■ WHAT NEEDS TO BE DONE
Exclude the pictures, then quote exactly the lines from the one holding "At a higher" through the last line of the records.

+++ RECORD EXCERPTS

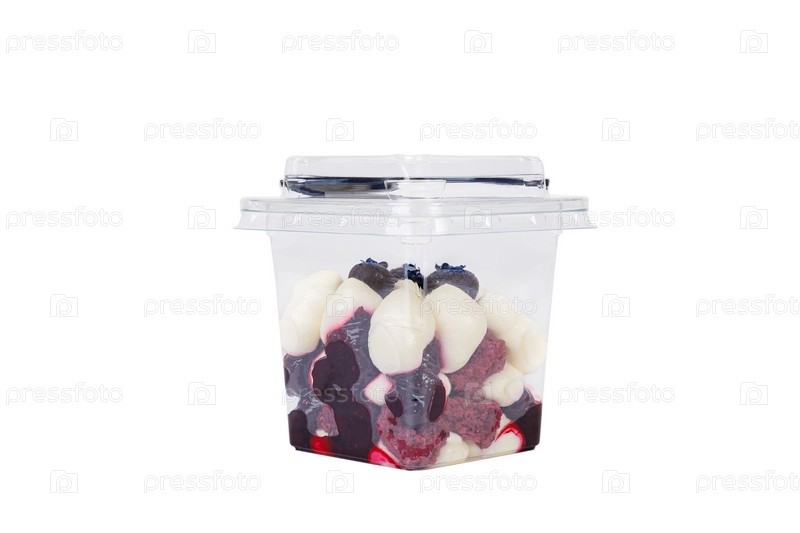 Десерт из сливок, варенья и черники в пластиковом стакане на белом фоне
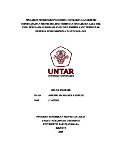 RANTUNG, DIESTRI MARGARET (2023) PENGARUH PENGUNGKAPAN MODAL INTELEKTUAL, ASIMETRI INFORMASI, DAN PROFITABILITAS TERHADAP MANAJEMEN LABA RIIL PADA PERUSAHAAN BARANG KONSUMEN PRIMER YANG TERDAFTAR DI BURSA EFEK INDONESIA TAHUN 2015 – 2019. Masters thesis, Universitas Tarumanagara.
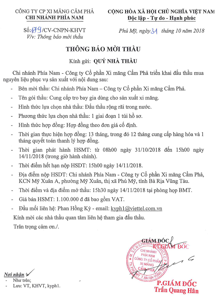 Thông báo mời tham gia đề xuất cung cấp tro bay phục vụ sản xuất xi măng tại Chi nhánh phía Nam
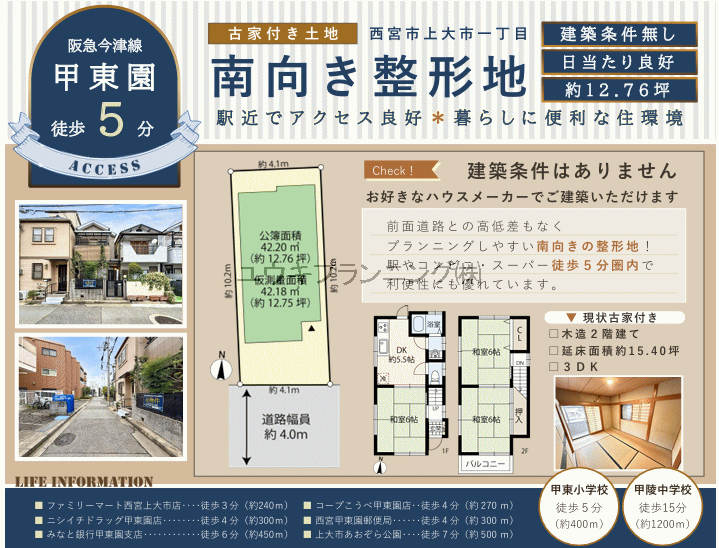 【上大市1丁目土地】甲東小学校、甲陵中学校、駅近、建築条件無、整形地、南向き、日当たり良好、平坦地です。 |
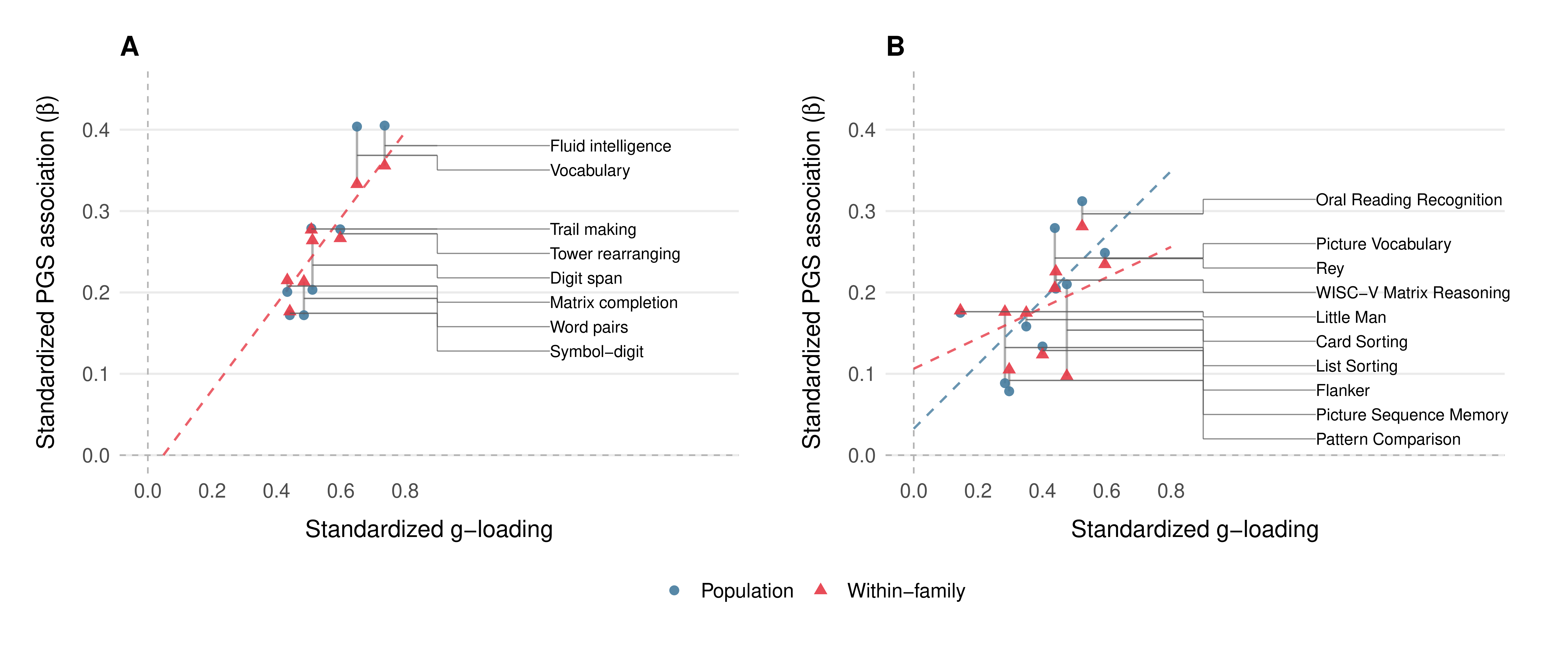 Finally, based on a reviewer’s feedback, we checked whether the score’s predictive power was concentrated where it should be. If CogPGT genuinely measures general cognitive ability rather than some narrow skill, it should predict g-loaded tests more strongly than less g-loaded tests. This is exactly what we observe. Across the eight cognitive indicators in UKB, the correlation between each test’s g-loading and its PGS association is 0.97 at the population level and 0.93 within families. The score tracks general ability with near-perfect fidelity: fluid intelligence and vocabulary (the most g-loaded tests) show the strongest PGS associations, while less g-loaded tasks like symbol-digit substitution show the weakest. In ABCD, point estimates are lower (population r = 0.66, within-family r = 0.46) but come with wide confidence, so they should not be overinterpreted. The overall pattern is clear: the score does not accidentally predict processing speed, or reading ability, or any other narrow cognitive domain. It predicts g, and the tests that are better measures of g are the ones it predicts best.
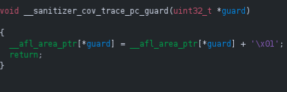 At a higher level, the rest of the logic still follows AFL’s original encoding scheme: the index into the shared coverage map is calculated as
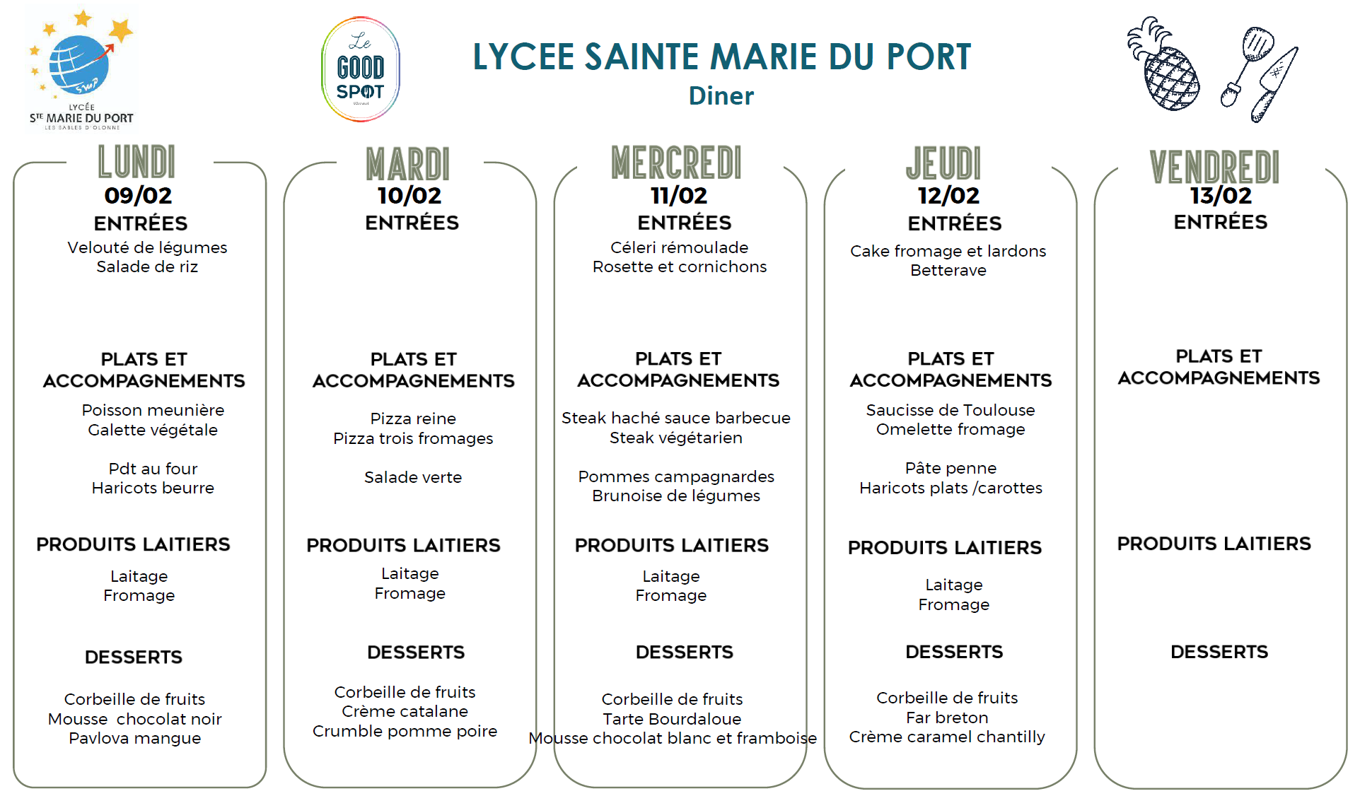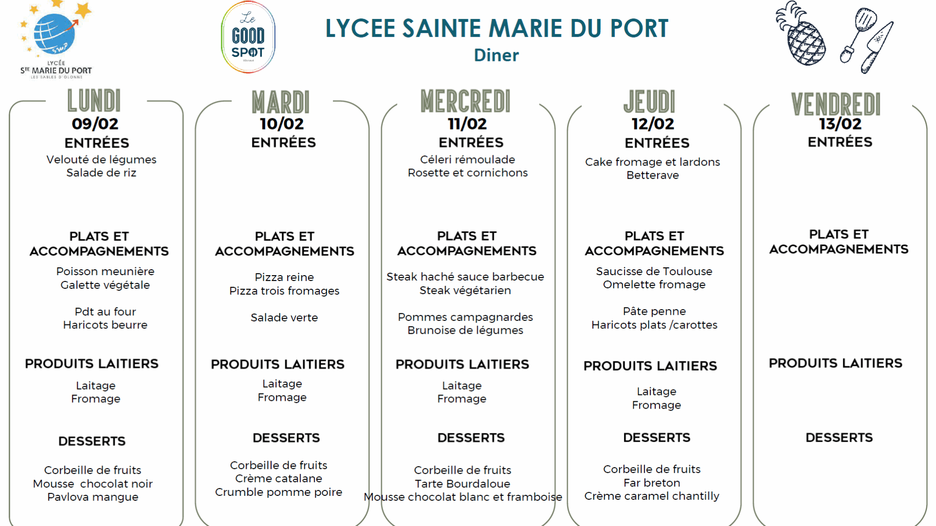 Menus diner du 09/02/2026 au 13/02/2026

++++++

■ ANSWER TO THE PROBLEM
 At a higher level, the rest of the logic still follows AFL’s original encoding scheme: the index into the shared coverage map is calculated as
 Menus diner du 09/02/2026 au 13/02/2026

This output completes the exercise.